> **YOUR OBJECTIVE**
The lines you should transcribe are those from the one containing "本次获得共有两款宝箱:机械傀" to the end of the listing below, exactly, with pictures left out.

> **INFORMATION PROVIDED**
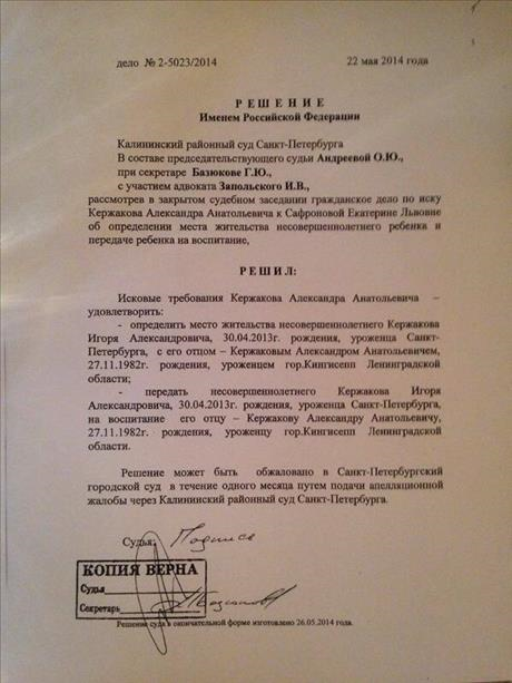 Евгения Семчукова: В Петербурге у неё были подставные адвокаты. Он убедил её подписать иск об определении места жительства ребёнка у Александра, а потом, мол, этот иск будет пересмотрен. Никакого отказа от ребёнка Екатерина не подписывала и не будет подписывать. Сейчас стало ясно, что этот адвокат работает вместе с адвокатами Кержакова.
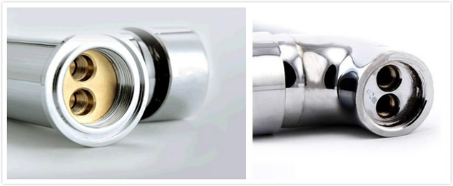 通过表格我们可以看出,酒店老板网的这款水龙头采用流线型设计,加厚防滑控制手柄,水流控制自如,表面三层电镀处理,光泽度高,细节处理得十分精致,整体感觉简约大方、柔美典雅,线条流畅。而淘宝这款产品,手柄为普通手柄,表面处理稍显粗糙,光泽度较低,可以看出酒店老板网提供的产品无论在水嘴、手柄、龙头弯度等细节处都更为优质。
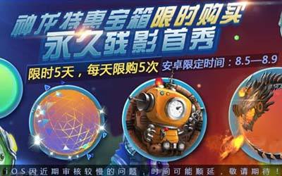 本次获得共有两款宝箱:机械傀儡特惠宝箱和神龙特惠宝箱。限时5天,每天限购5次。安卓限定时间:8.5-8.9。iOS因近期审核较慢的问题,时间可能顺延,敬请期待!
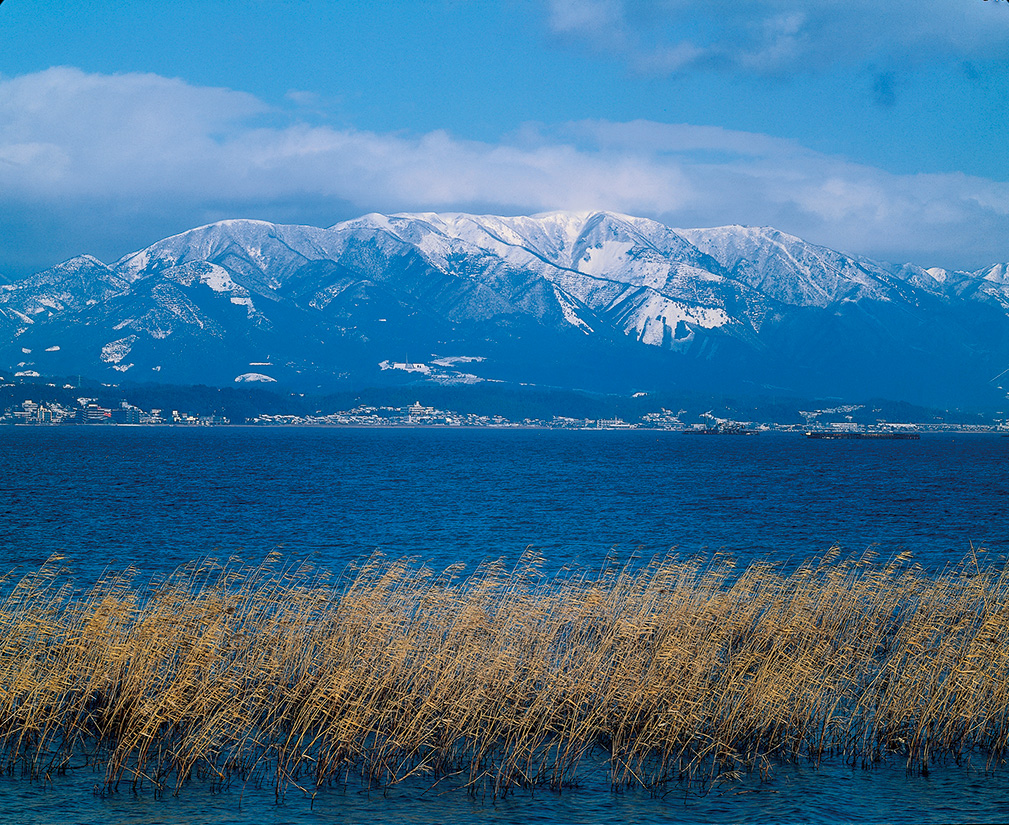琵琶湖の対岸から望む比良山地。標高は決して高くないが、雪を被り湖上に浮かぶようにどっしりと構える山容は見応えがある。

> **REPLY**
 本次获得共有两款宝箱:机械傀儡特惠宝箱和神龙特惠宝箱。限时5天,每天限购5次。安卓限定时间:8.5-8.9。iOS因近期审核较慢的问题,时间可能顺延,敬请期待!
琵琶湖の対岸から望む比良山地。標高は決して高くないが、雪を被り湖上に浮かぶようにどっしりと構える山容は見応えがある。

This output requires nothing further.